Is it faster to loop through a Python set of number or a set of letters?
Is it faster to loop through a Python set of numbers or a Python set of letters given that each set is the exact same length and each item within each set is the same length? Why?
I would think that there would be a difference because letters have more possible characters [a-zA-Z] than numbers [0-9] and therefor would be more 'random' and likely affect the hashing to some extent.
numbers = set([00000,00001,00002,00003,00004,00005, ... 99999]) letters = set(['aaaaa','aaaab','aaaac','aaaad', ... 'aaabZZ']) # this is just an example, it does not actually end here for item in numbers: do_something() for item in letters: do_something()
where len(numbers) == len(letters)
Update: I am interested in Python's specific hashing algorithm and what happens behind the scenes with this implementation.
There might be some particular implementation details of Python that I'm not aware of that mess with my general arguments here, but:
- Creating the set of strings will likely be a little slower than creating the set of integers (all else being equal), since the hash operation on strings takes some (small) time to run while the hash operation on integers is trivial.
- Iterating a set doesn't perform any hash operations, so the time to hash is irrelevant there.
- Iterating a set depends on the number of elements in the set and the number of buckets in the hash table backing the set. So the distribution of the hash function only matters if it causes the hash table to increase the bucket count. For some hash table implementations that's impossible (because bucket count is only increased when the load factor exceeds a threshold, not just because of collisions). Other hash table implementations resize when there are a lot of collisions. I don't know which CPython is.
- Anyway, the particular example you give of a set of integers will generate well-distributed hash values.
- There's one way to find out which is faster in Python, which is to timeit, with a realistic example of the data you care about. Speculation is usually a waste of time.
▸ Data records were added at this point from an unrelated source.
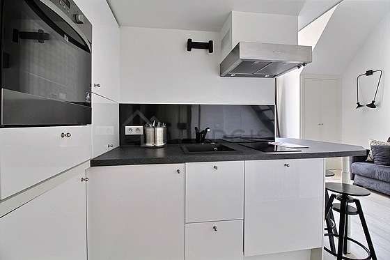 Questo appartamento dispone di una magnifica cucina con del parquet al suolo e tutto l'equipaggiamento indispensabile per la vita quotidiana : piani di cottura, frigorifero, forno, microonde multifunzione, cappa di aspirazione, tostapane, armadio, stoviglie, 1 sedia (e).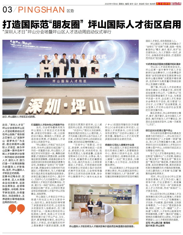 近日,“深圳人才日”坪山分会场暨坪山区人才活动周启动仪式在坪山创新广场东部之芯举行,以“龙聚坪山·逐梦先行”为主题,通过启用坪山国际人才街区、举办坪山区第一届中青年干部人才创新研讨会等一系列精彩活动致
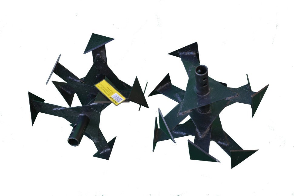 Главная особенность «гусиных лапок» - треугольная форма концов ножей, обеспечивающая достаточное крошение и перемешивание почвы. Такая сплошная конфигурация обусловлена необходимостью прочности при работе на твердом грунте, целины, ее культивирования. Подходит для работы с участками земли с крупными комьями.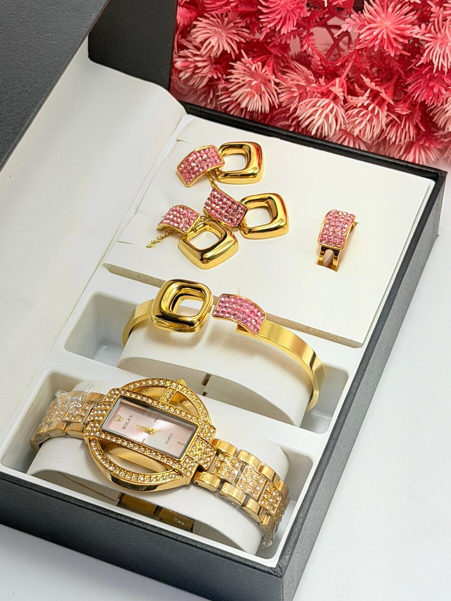 Élégant ensemble montre et bijoux pour femme, parfait pour les occasions spéciales. Inclut une montre dorée sertie de pierres et des bijoux en métal doré avec détails roses. Idéal pour ajouter une touche de glamour à n'importe quelle tenue.

You can see the results of Python's hashing algorithms like this:
>>> foo = 3 >>> foo.__hash__() 3 >>> foo = 1856348 >>> foo.__hash__() 1856348 >>> foo = "\x00" >>> foo.__hash__() 1 >>> foo = "\x01" >>> foo.__hash__() 128000384 >>> foo = "\x02" >>> foo.__hash__() 256000771
So on my copy of Python, those hash results match these reported Python hash algorithms. As ever with CPython, you can look at the source to confirm the algorithm.